Но отправившись с посольством в Рюкоку, он собственными руками эти пути отрезал.
Юкинари, вероятно, решил, что Гэрэл думает о сплетнях. Он спокойно, без улыбки и без тревоги, смотрел ему в лицо своими темными глазами, похожими на гальку на дне ручья.
— Я не против, чтобы обо мне судачили, если мои поступки хоть как-то помогут моей стране. Но ваши люди при нашей первой встрече не видели моего лица, и прочие, кому не стоит его видеть, тоже видят меня лишь под покрывалом, — справедливо заметил император. — А если вы захотите кому-то рассказать об увиденном, вам всё равно никто не поверит, потому что вы чужак в Синдзю.
— Я думал вовсе не об этом.
«А о том, что хорошо, что в Синдзю так много зданий из камня, потому что все, что из дерева, сгорит в пожарах, а по этим улицам будут тащить мешки с трупами».

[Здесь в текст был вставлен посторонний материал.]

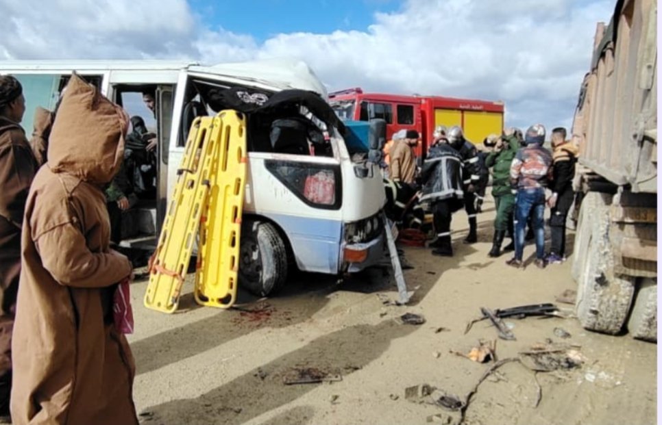 وحسب مصالح الحماية المدنية، تدخلت مصالحها على الساعة 11سا10د من أجل حادث اصطدام بين شاحنة و حافلة لنقل المسافرين ،بالطريق الإجتنابي للوزن الثقيل الوطواط رقم 01 ، بلدية ودائرة تيسمسيلت.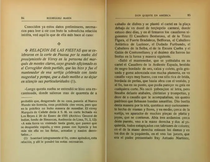 Y a su vez, este magnífico y detallado trabajo donde no solo está el facsímil del documento original sino la edición transcrita al castellano entendible, me llevó al origen, a Francisco Rodríguez Marín, cervantista que fue el primero en dar noticia de la celebración de una representación quijotesca en la ciudad peruana, siendo un curioso documento titulado “RELAÇION DE LAS FIESTAS que se celebraron en la corte de Paussa por la nueba del prouiymiento de Virrey en la perssona del marqués de montes claros, cuyo grande afiçionado es el Corregidor deste partido, que las hizo y fue el mantenedor de vna sortija çelebrada con tanta magestad y pompa, que a dado motibo a no dejar en silençio sus particularidades”, publicado como Apéndice en su libro “El Quijote y don Quijote en América” (1911, Librería de los Sucesores de Hernando), donde se recogen los pormenores del suceso y son dignos de leerse en toda su extensión, por lo profuso y detallado de su descripción.

Гэрэл отвел глаза и почти просительно сказал:
— Всё равно не понимаю, что вы здесь делаете.
— Хозяин этой лавки болен. А его дочери, Момоко, всего семь, и ей сейчас приходится очень нелегко — она и ухаживает за отцом, и пытается заработать денег в лавке. Она попросила меня присмотреть за лавкой, пока ходит за лекарствами — разве я мог отказаться? По-моему, у меня неплохо получается.
— Она знает, кто вы?
— Конечно, нет. Знаете, почему я не попытался упразднить этот дурацкий закон о том, что Сын Неба должен скрывать лицо? Никто в городе не знает, как я выгляжу, и даже во дворце знают немногие. Я могу бродить, где захочу, и видеть, что происходит в городе и как живут простые люди. Я своими глазами вижу, как кто работает, кто достоин награды, а кто — наказания. И несколько моих доверенных людей делают так же. И министры знают об этом, поэтому в их докладах и финансовых отчетах уже очень давно нет ни слова вранья…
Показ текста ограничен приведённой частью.